Causa del decesso: lasciata sola. L’Enas Ugl contro il femminicidio

“Causa del decesso: lasciata sola”. E’ il titolo, forte, scelto dal patronato per affrontare un dramma che sta tutto nelle cifre da capogiro riguardanti i decessi e le violenze in cui protagoniste sono ancora oggi le donne. Un momento di confronto che si è tenuto ieri ad Aci Trezza, con una conferenza nella suggestiva location del “Lido dei Ciclopi”, e ha dato il via alla campagna nazionale organizzata dall’Enas Ugl sul tema del femminicidio che si sta svolgendo oggi e che continuerà il prossimo 6 agosto in oltre 100 piazze d’Italia.

Incontro organizzato dal segretario territoriale della Ugl di Catania Giovanni Musumeci e moderato dalla giornalista di “Video Mediterraneo” Sarah Donzuso, che ha registrato al termine degli interventi un coro unanime per dire basta ad ogni forma di discriminazione di genere e dire a ogni donna che non è mai più sola.
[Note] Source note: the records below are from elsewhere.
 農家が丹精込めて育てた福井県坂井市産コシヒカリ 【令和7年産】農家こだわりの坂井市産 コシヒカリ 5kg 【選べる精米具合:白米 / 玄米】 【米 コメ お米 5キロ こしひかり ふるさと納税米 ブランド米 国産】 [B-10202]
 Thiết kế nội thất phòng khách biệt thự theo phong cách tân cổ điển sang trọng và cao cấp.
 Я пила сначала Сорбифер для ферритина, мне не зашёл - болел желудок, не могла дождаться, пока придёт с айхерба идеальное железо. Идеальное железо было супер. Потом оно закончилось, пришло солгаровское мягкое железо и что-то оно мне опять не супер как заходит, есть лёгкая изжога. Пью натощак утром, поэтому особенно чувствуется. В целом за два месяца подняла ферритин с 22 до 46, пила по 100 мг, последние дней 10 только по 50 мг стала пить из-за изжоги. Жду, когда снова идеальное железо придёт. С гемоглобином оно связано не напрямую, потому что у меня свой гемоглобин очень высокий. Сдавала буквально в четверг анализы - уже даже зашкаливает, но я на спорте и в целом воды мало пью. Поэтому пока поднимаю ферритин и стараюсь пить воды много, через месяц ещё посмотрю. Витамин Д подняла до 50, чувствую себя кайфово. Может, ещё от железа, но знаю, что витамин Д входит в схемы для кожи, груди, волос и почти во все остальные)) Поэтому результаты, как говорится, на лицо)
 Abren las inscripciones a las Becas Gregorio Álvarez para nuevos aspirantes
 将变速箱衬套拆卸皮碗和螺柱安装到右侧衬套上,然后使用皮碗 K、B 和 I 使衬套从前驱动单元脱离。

Opinioni a confronto, dunque, a partire dall’intervento del vice sindaco di Aci Castello Ezia Carbone che ha riportato l’esperienza di amministratore nell’affrontare ogni giorno la questione cercando di creare un punto di ascolto e promuovendo azioni in favore delle vittime di violenza come l’istituzione del codice rosa in Sicilia.

Il vice questore aggiunto di Catania e dirigente della divisione Polizia anticrimine, Ferdinando Buceti, ha elencato gli impietosi dati che vedono la realtà catanese confrontarsi con numerosi casi di violenza ogni anno tra quelli denunciati, perché ancora oggi molte donne hanno paura di denunciare. L’impegno quotidiano degli uomini in divisa è dunque quello di ascoltare, prevenire e sensibilizzare. Per Buceti, però, non sempre l’operato dei media viaggia nella direzione del semplice racconto dei fatti, perché l’eccessivo giustificare coloro che si macchiano delle violenze, piuttosto che andare a sviscerare nei particolari le modalità ed i moventi di queste stesse, vanifica l’operato di chi invece lotta ogni giorno per evitare nuovi casi di violenza e di femminicidio.
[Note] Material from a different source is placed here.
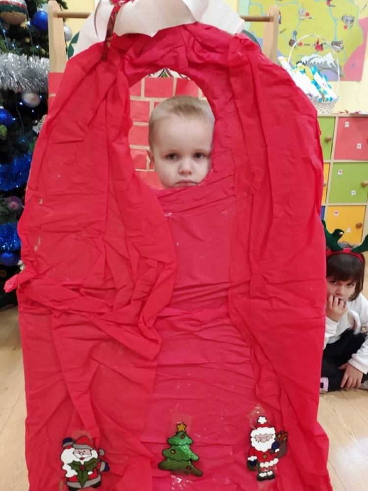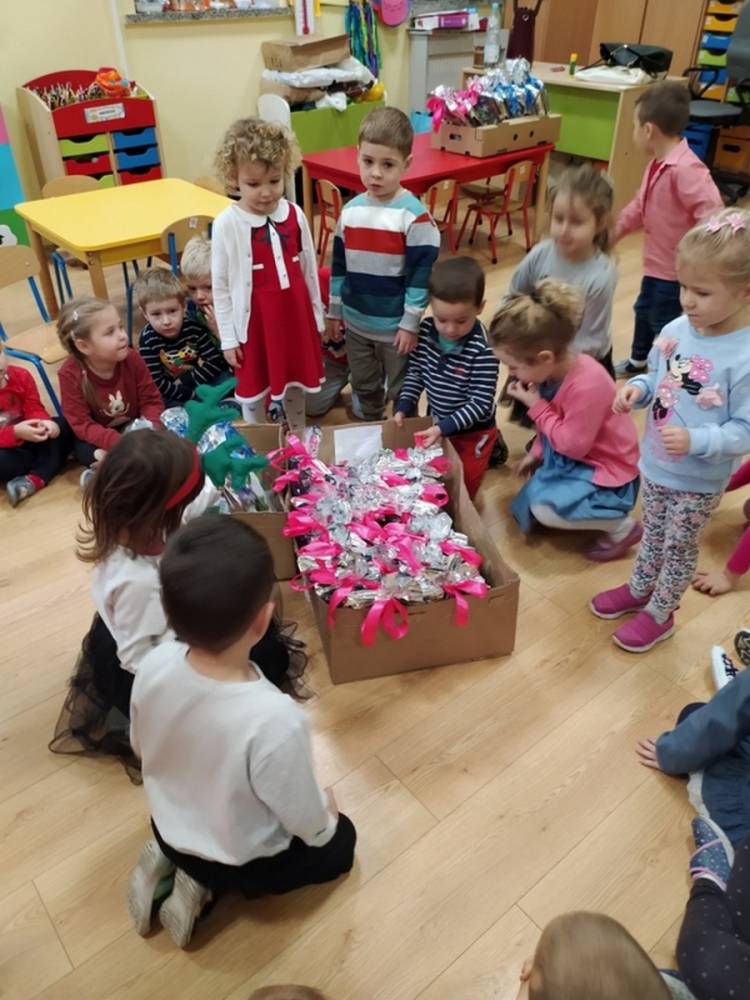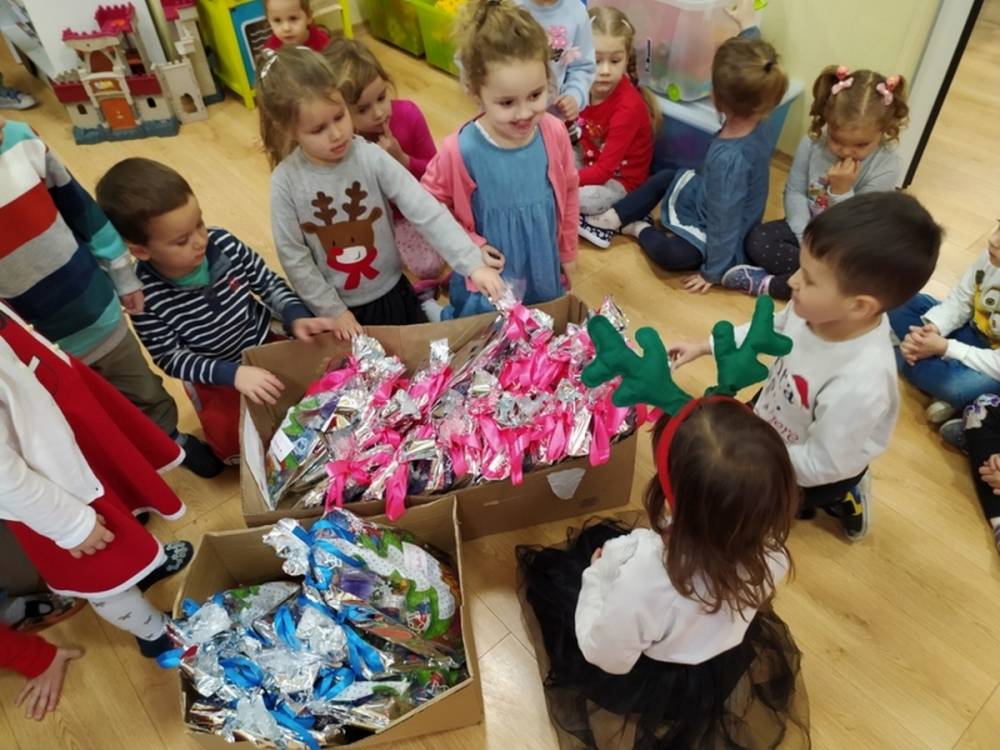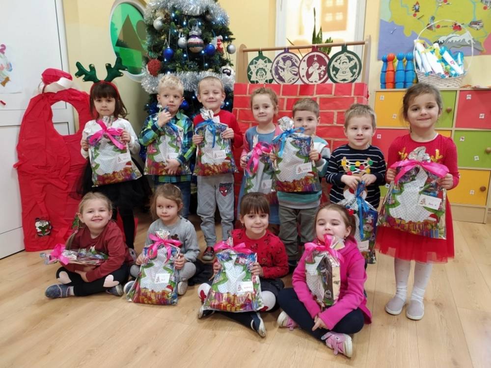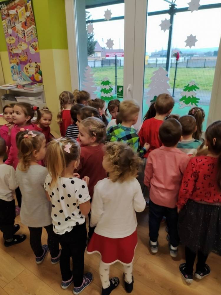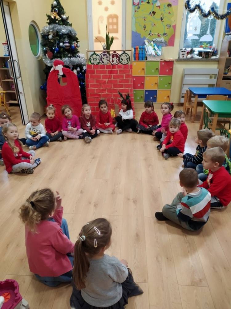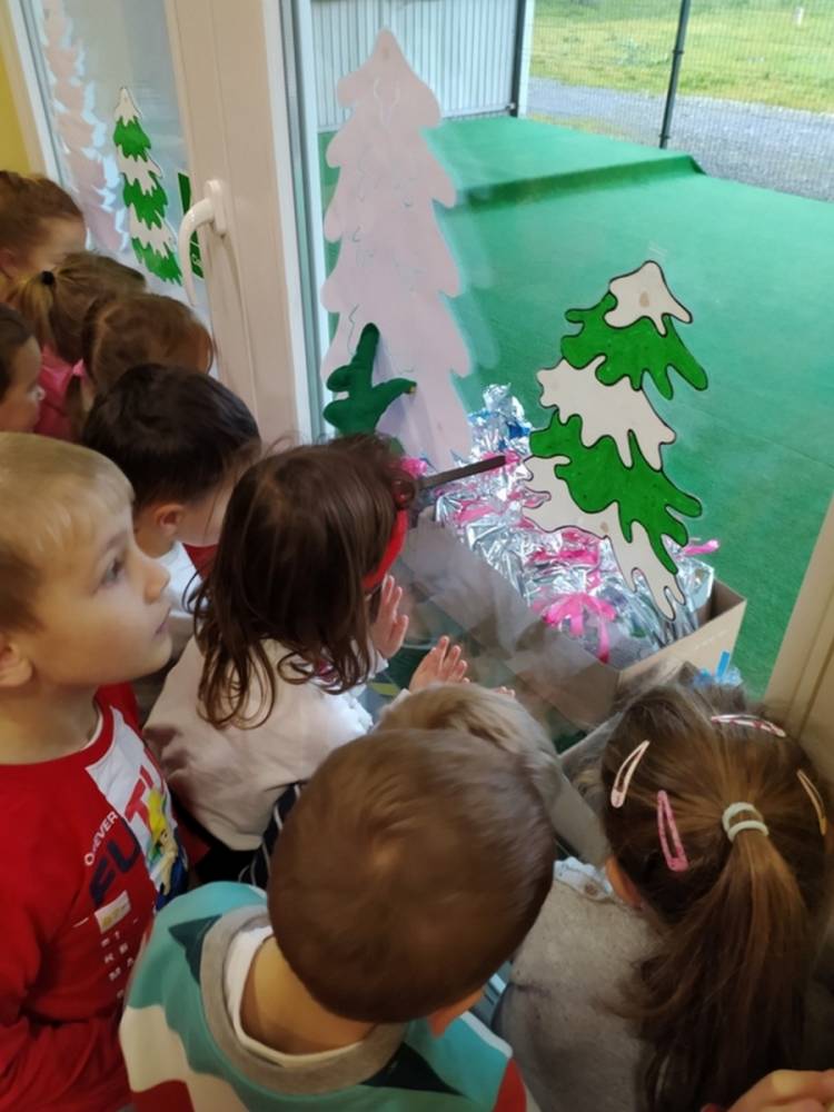 W pewien grudniowy poranek, w przedszkolnej sali, wybrzmiały wszystkim dobrze znane dzwony. Na twarzach dzieci widoczne było zdumienie i zadziwienie. Dźwięk było słychać tuż za oknem sali, w której gromadziły się przedszkolaki każdego dnia. Nagle jedna z nauczycielek krzyknęła- Dzieci chodźcie, coś słychać za oknem. Gdy dzieci podbiegły zainteresowane, Pani odsłoniła roletę okienną. Wtedy przedszkolaki dostrzegły mnóstwo pięknie zapakowanych prezentów oraz niezwykły skrawek czapki św. Mikołaja. Dzwony już nie grały, a Pani wyjaśniła dzieciom, że Mikołaj pozostawił ślad swej obecności, niczym kopciuszek pantofelek na balu… Radość towarzyszyła dzieciom przez cały dzień.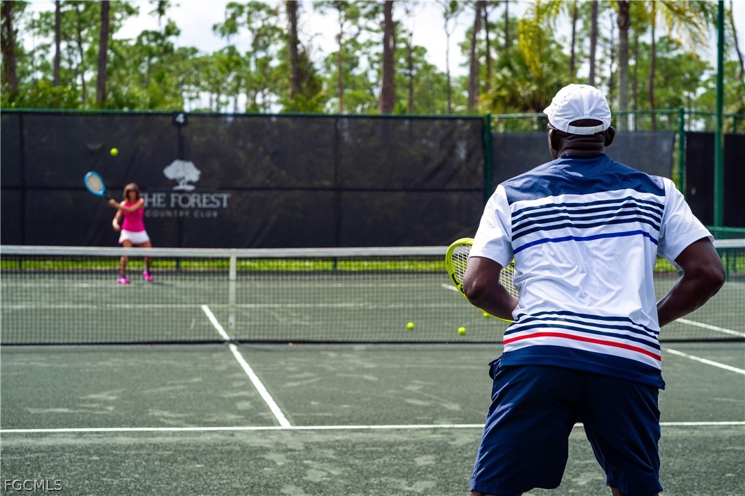 Lovely, End Unit Villa, 3 Bedroom, 3 Full Bath, Attached 2 Car Garage, Extended Screened Lanai, Built In Jetted Spa! Being Sold TURNKEY- NO FLOOD EVER in Dwelling. COA Just Lowered the Quarterly Fee. Located NEXT to The Heron Coach Community POOL- Steps to the POOL and Home to Your Personal Heated Spa! Grill Your Steaks at The Pool or at Home! Extra Brand New Refrigerator in the Epoxy Floored Garage with New Storage Cabinets. New Concrete Tile Roof, Paint, Super Screen Extended Lanai, Paver Deck. Your Own Mailbox out Front, Your Own Garbage Cans and Recycle. Screened Front Entry Way Porch. This Private Property is Just Around the Corner From Ruthies Park. Bring Your Dog of ANY Weight! No weight restrictions. Over 8 Miles of Sidewalks, Dog Stations Located around the Perimeter of The Forest. The Country Club is OPTIONAL- New Membership Options for NEW Residents- UP TO $10,000.00 OFF. Bring Your Bikes! Bike to Lakes Park for Market Day! Regional SW Airport Just 15 Min, Sanibel Island 20 Min, FMB 25 Min, Restaurants and Shopping Everywhere! Our 36 Holes of Championship Golf are Amazing! We are Audubon Certified! Wild Life Everywhere! Come Live & Play In The Forest! Some amenities listed require membership in the Country Club. Master Association Fee IS Included in the COA Quarterly Fee.

Moltissimi gli interventi dei relatori che hanno evidenziato come sia necessario più che mai l’ascolto delle donne. L’attenzione alle strutture e agli operatori per allargare la rete dell’aiuto alle vittime della violenza, spesso domestica. Il titolo della campagna non è casuale perché nessuna donna deve essere lasciata sola sin dalla grande mobilitazione che è stata pensata per dar vita ad azioni di ascolto e sensibilizzazione in numerose piazze della penisola. Nel settore ospedaliero, Catania ha attivato e sta continuando ad attivare diversi sistemi per seguire le donne vittime di violenza, ottenendo tra l’altro il bollino rosa nella struttura ospedaliera “Santo Bambino”.
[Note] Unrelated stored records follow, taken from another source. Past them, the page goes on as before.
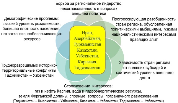 — столкновение национальных, экономических интересов: газ и нефть Каспия, вода и гидроэнергетические ресурсы[8], земля Ферганской долины — спорные вопросы пограничного размежевания (Таджикистан — Кыргызстан — Узбекистан[9], Казахстан — Узбекистан [8], Таджикистан — Узбекистан[10]);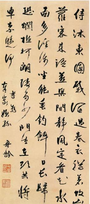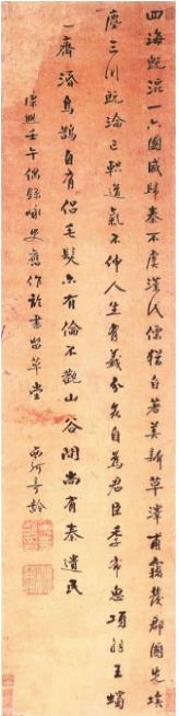 毛奇齡行書《為奉峨侄孫作七律詩軸》,紙本126×54.5cm,上海博物館藏。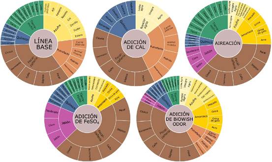 Como parte los productos de la investigación se adaptaron de la literatura ruedas de olor, con el objetivo de identificar lo percibido antes y durante la aplicación de las medidas de control; las respuestas se pueden observar en la figura 9. En todas las ruedas de olores generadas en el estudio, se encuentra el grupo “fecal-cañería”. Los compuestos escadol e indol son frecuentemente asociados con un olor fecal, son percibidos y reconocidos a bajas concentraciones (Zhou et al., 2016); sin embargo, no se tiene evidencia de que sean los odorantes responsables, por lo que las respuestas en la categoría “fecal” pueden deberse a las influencias visuales y al contexto durante la realización de la encuesta.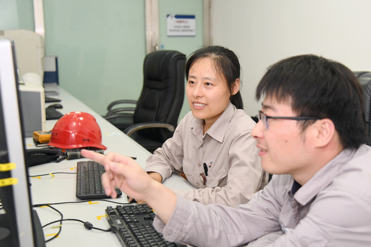 臺州電廠劉曉紅在工程師站探討。 江國勝 攝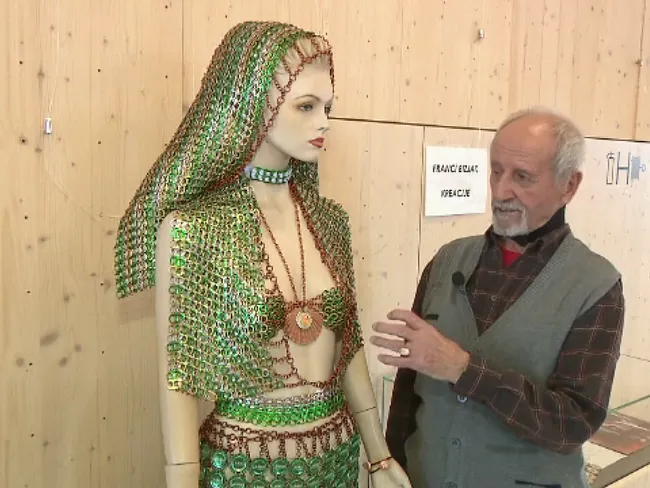 Un bunic din Slovenia își folosește imaginația și îndemânarea pentru a crea ținute și accesorii din capace metalice.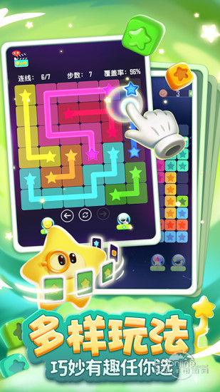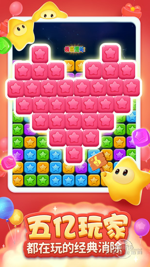 消灭星星系列全新之作!在全新版本中,消灭星星全面升级,画面UI大大提高,更多新玩法全新加入,消除体验全面更新。在经典玩法已经取得了巨大成功的基础上,研发团队新增了多种消除模式。【全新玩法】 与怀旧之作“俄罗斯方块”相结合的拼接消除玩法——星星连萌,通过拖动方块到棋牌中摆满一行或一列后可消除方块,带玩家找回童年的乐趣有增加障碍玩法的闯关玩法——拯救萌星,关卡内有多种不同的障碍元素,增加了游戏的趣味性和难度 更有增加消除难度的完美消除玩法——萌星解谜,关卡内星星摆放成各种不同的可爱造型,造型虽可爱想要消除却需要玩家开动脑筋还有最新加入的连线消除新玩法——连消星星,通过滑动连接关卡内同颜色的星星,在步数和覆盖率的限制下,增加了玩家消除的紧张度和专注度【游戏特点】操作超级简单包体小,不占手机内存,任何手机都可安装玩法简单容易上手,一旦开始,停不下来多种消除模式,多重消除体验

Di grande impatto emotivo e forte nei contenuti è stato invece l’intervento di Vera Squatrito, mamma di Giordana Di Stefano la giovane uccisa 9 mesi fa a Nicolosi dal padre di sua figlia che ha lanciato l’appello allo stato per fare di più in questa lotta alla violenza, dove oggi il 75% delle donne che denunciano non vengo salvate ma vengono uccise. Vera Squatrito ha chiesto giustizia non solo per Giordana ma per tutte le donne vittime di violenza, ed un aiuto perché non si può rimanere sole a combattere una battaglia prima per rendere efficaci le varie denunce di chi subisce per evitare nuovi femminicidi, poi per dare la giusta pena a chi invece si rende autore di tanta brutalità.

Infine le conclusioni sono state riservate a Renata Polverini, vice presidente della commissione lavoro della Camera dei Deputati, che ha ribadito la necessità di rendere più incisiva ed ampia l’azione della rete tra soggetti istituzionali e sociali perché fino ad oggi è rimasta troppo tempo isolata tra le donne stesse. Per questo occorre una cabina di regia, ed un lavoro comune per dedicare ogni sforzo affinché non vengano più fatti passi indietro, ma si vada sempre avanti, in un momento storico come questo in cui il passaggio culturale dovuto agli eventi sta condizionando fortemente la realtà anche italiana.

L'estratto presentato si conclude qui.